VisiData is the open source data multitool that I've been developing since 2016.
When it comes to data wrangling:
- Python is a powerful and ubiquitious platform;
- the spreadsheet is an intuitive and flexible paradigm;
- the terminal is an efficient and universal interface;
VisiData unites Python + spreadsheet + terminal into a lightweight tool that scales to gigabytes of data.
You can start using it immediately, and learn new commands as you go.
The original impetus was efficient workflow for text mode junkies like myself.
As a data worker, I wanted quick access to data at all stages of the pipeline, and in all kinds of storage systems and formats. So I can focus on the task at hand, and not have to spend unnecessary energy on the tool.

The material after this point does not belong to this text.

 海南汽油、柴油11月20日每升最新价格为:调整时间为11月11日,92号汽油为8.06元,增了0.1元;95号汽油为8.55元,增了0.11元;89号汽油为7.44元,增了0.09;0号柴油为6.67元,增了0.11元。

- Pragmatic behavior and defaults.
- Expose internals, like error messages and types.
- Optimize for keystrokes.
- One interface is sufficient for basic exploration of any kind of tabular data.

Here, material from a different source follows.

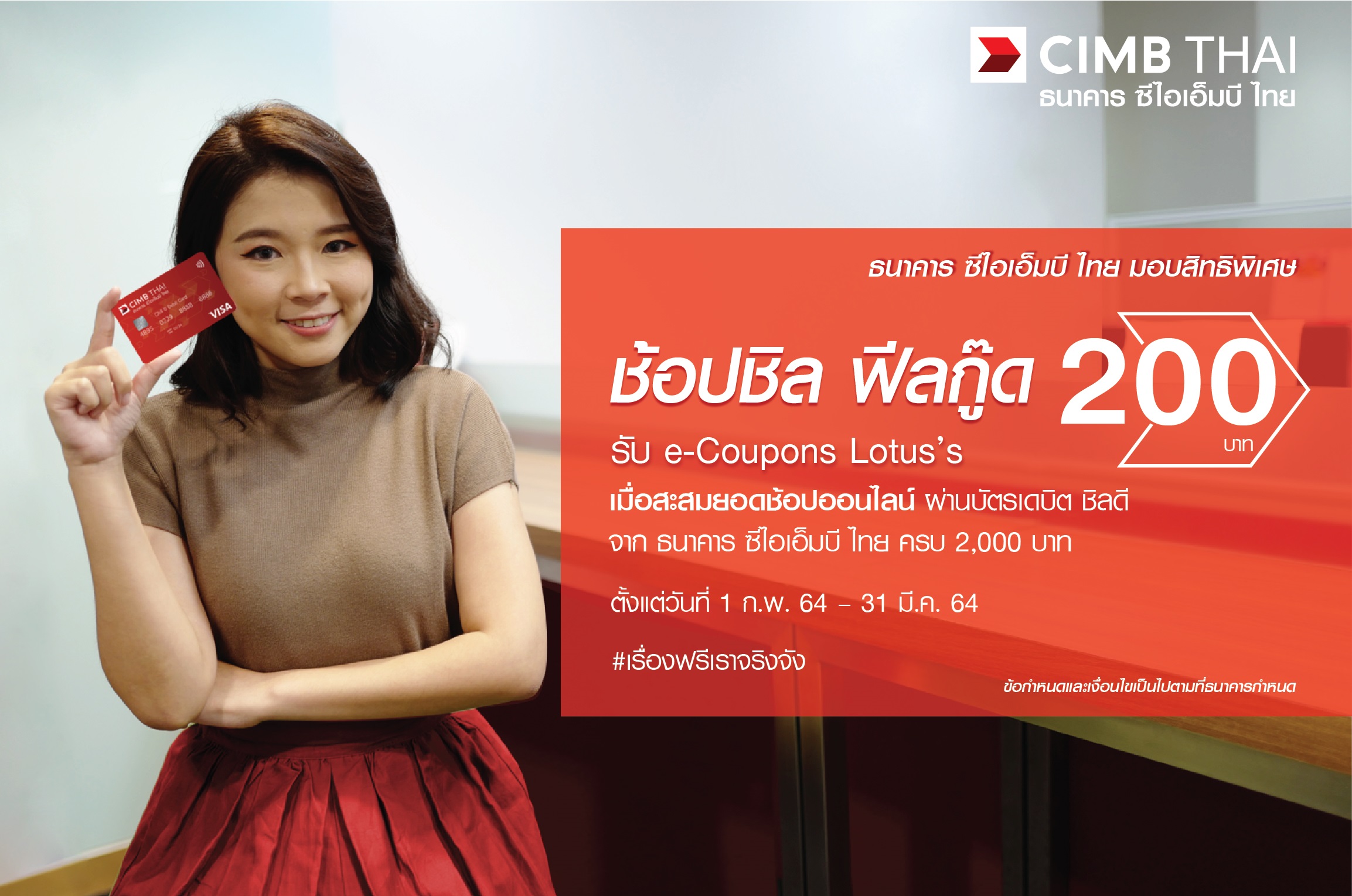 23 กุมภาพันธ์ 2564 : ธนาคาร ซีไอเอ็มบี ไทย มอบสิทธิพิเศษแด่ลูกค้าที่ สะสมยอดช้อปสินค้าต่างๆ ผ่านช่องทางออนไลน์ ด้วยบัตรเดบิต ชิลดี จากธนาคาร ซีไอเอ็มบี ไทย ครบ 2,000 บาทต่อเดือน รับฟรี e-Coupons Lotus’s 200 บาท เพียงลูกค้าลงทะเบียนรับสิทธิ์ผ่านช่องทาง Line official account “@cimbthai” (ลงทะเบียนรับสิทธิ์ https://bcrm.line.me/wl/1644250669/l/9ecb) โดยจำกัด 1 สิทธิ์ต่อ 1 หมายเลขบัตรเดบิต ชิลดี ต่อเดือน และ 1,000 สิทธิ์ตลอดรายการส่งเสริมการขาย ตั้งแต่วันที่ 1 ก.พ.64 – 31 มี.ค.64

- Internals can be viewed with the same interface.
- Few dependencies, minimal install steps, and no configuration required.
- Launches with minimal delay, all commands feel snappy.
- Easily integratable into existing workflows.
- Substantially faster than existing tools (when taking into account user interface time).
- Extensible with user-defined commands and views.
- Entire new standalone applications can be created with minimal code.
Rows are objects; columns are functions of rows.
Rows can be anything: the actual data of their row, or an index into another data structure.
Columns know how to get (or set) their values, given the row.
Therefore rows can be loaded in whatever format is most convenient or efficient, and Columns are extremely lightweight and composable.